# Strata Minis on Order :D



## Josuah (Apr 26, 2006)

I just placed an order for a pair of Strata Mini's from AV123. At their "Black Friday" prices, it just became very hard to resist. And then my wife said I should just go for it instead of sitting there looking all the time.  (I'd been asking before about active monitors and other things, but forget all that now!) Probably won't be here for a couple of weeks, but really excited. 

Not sure if I'm going to be using the woofers in back though, because of placement issues. But I've still got the UFW-12 so that's not a problem.


----------



## Sonnie (Apr 11, 2006)

Congrats... that is a sweet deal they got going on and I've read lot of good things about those speakers.

A pic for those who haven't seen those...

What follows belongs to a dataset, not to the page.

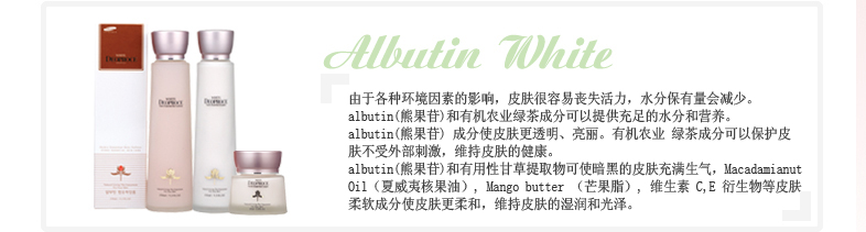 熊果苷和有机绿茶成分供应充分的水分和营养,熊果苷成分使皮肤白皙透明的护肤水。
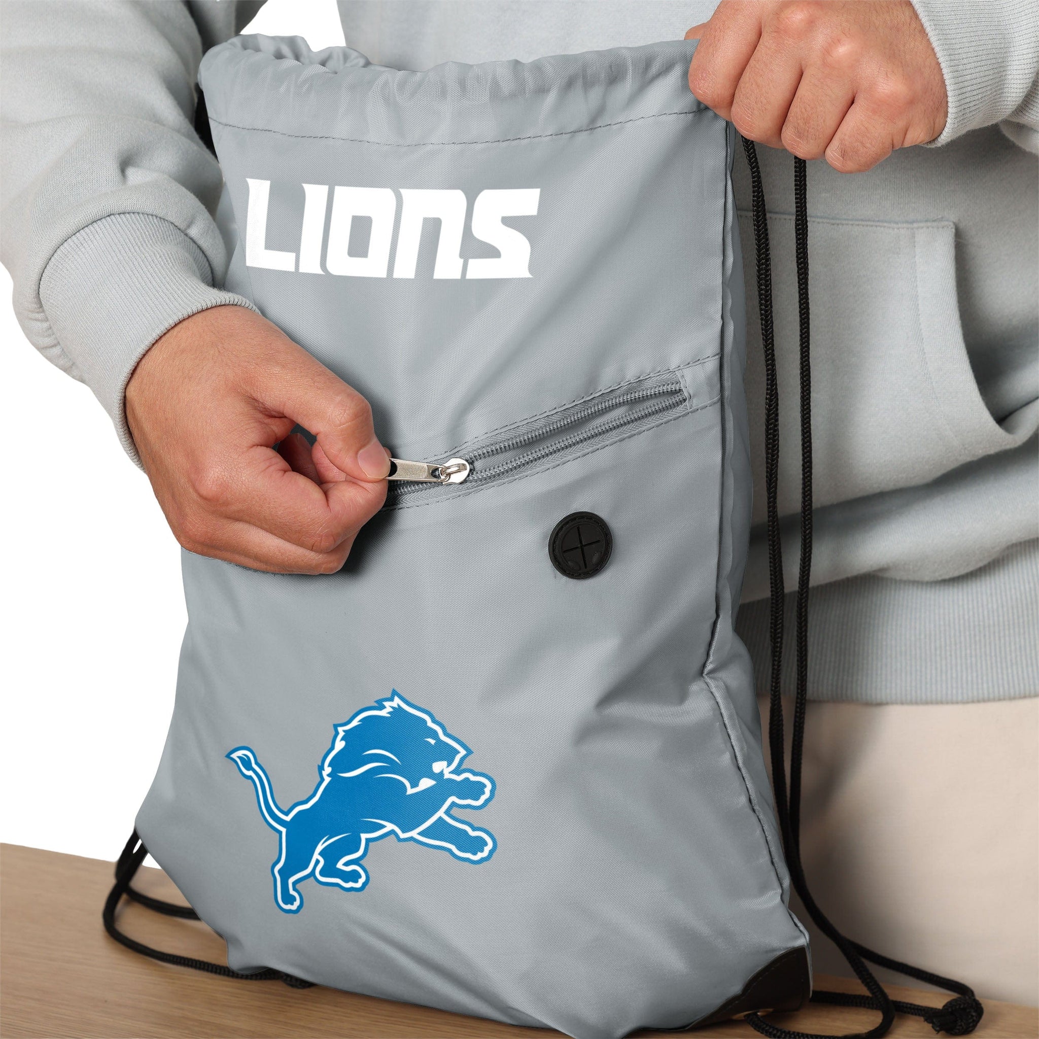 Lightweight, bold, and full of fandom. Get ready to show off your favorite franchise on any adventure with this Detroit Lions Pocket Drawstring Backpack.

So did you get the free pair of x-s speakers?

What center did you get?


----------



## Josuah (Apr 26, 2006)

No, I ordered off the Black Friday B-stock price list, not the specials list. So didn't get any other speakers besides the Minis. This is not going to be used in our home theater, but in our second set up. Would have been nice to pick up some free small speakers, to use with the computers, but not a big deal. This order already includes free shipping which is a great bonus on top of the price markdown.


----------



## mazersteven (Apr 5, 2007)

SO what do you think of the Strata's?

Any pictures? :foottap:


----------



## Josuah (Apr 26, 2006)

They haven't arrived yet.


----------